PadMan has not just educated audiences about India’s menstruation challenge, it has set in motion a series of positive consequences. Never before were free sanitary napkins made available to women in rural areas till a Pad Bank for the Daughters of Maharashtra was launched by team PadMan in collaboration with the state government. The initiative sees the state sponsoring 20 sanitary napkin dispensers across villages in Latur, Solapur, Jalgaon and more.
Even more inspiring is the more recent development that saw two students of Class XI from Jaipur start a Pad Bank for those women who cannot afford them. The girls set up 10 collection points where contributors can deposit the sanitary napkins. The concept is to deposit sanitary pads every time you buy a packet.
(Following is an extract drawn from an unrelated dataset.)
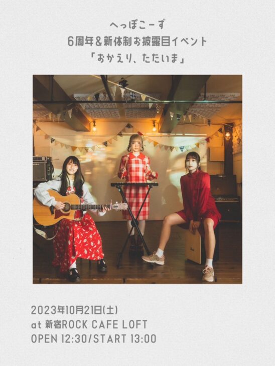 SCHEDULE 2023 10 21 Saturday DAY EVENT 6周年&新体制お披露目イベント 「おかえり、ただいま」 OPEN 12:30 - START 13:00 Tweet 出演:へっぽこーず TICKETADV ¥2,500 / DOOR ¥3,000 予約はこちら Share

What’s more, they have influenced 500 other women to join in the initiative.
Enhancing convenience and availability, the Brihanmumbai Municipal Corporation (BMC) is setting up pad vending machines on the premises of five maternity hospitals in Mumbai, which require users to insert a Rs.5 coin to procure a pad.
Even more heartening was the news of Chennai’s Sathyam Cinemas’ initiative to dispense free sanitary napkins across its properties. The initiative would be expanded to its other properties located in various cities. Considering the cinema chain operates 52 screens, that is a considerable commitment to a cause they feel deeply about.
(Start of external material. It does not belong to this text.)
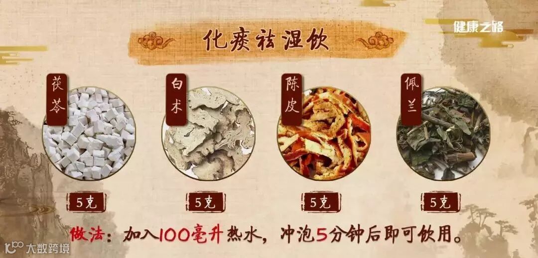 痰湿的根本是脾虚。茯苓、白术健脾,陈皮和佩兰祛湿,如果您有肥胖、舌苔厚腻、大便黏腻的痰湿症状,可以利用这个小方子自行调理。

The message of PadMan has even percolated a prison. Around 20 convicted women inmates at West Bengal’s Jalpaiguri Central Jail have been inspired to make sanitary napkins and provide them free of cost to vending machines in remote areas. With their effort, the women convicts hope to reach the women who have scant accessibility to menstrual hygiene products.
Hats off to the two brothers from Udaipur who have designed a low cost sanitary pad making machine that apparently produces sanitary napkins for the lowest rate ever of 90 paise per pad! The governments of Uttarakhand and Bengal have lost no time in acquiring some of their machines. In another unique initiative, the Western Railway Women's Welfare Organisation (WRWWO) installed sanitary napkin dispensers and incinerators for female staff at all its major offices on the network. The coin-operated machines inaugurated in Mumbai, Vadodara, Ahmedabad, Rajkot, Bhavnagar and Ratlam will enable women employees to maintain proper hygiene levels, while the incinerators will ensure quick disposal of used napkins.
In more good news, at a meeting chaired by Railways Minister Piyush Goyal, the installation of affordably priced pad dispensing machines at all stations was discussed. The move intends to minimise the woes of women commuters. There’s news that the New Delhi Municipal Council has proposed to install free sanitary napkin vending machines in all secondary and senior secondary Navyug or NDMS schools.
The list goes on… A Kerala IT firm asked its employees to donate sanitary pads to break taboos, a Rajkot GST office gifted a pad vending machine to a school, construction sites in Goa are being equipped with pad vending machines, women in Nagpur, Odisha and Madhya Pradesh are either manufacturing low cost sanitary napkins or procuring vending machines… The examples are really too many to enumerate. The movement has spread and there is no looking back.
To the Super Hero and his team, just two words – Thank you.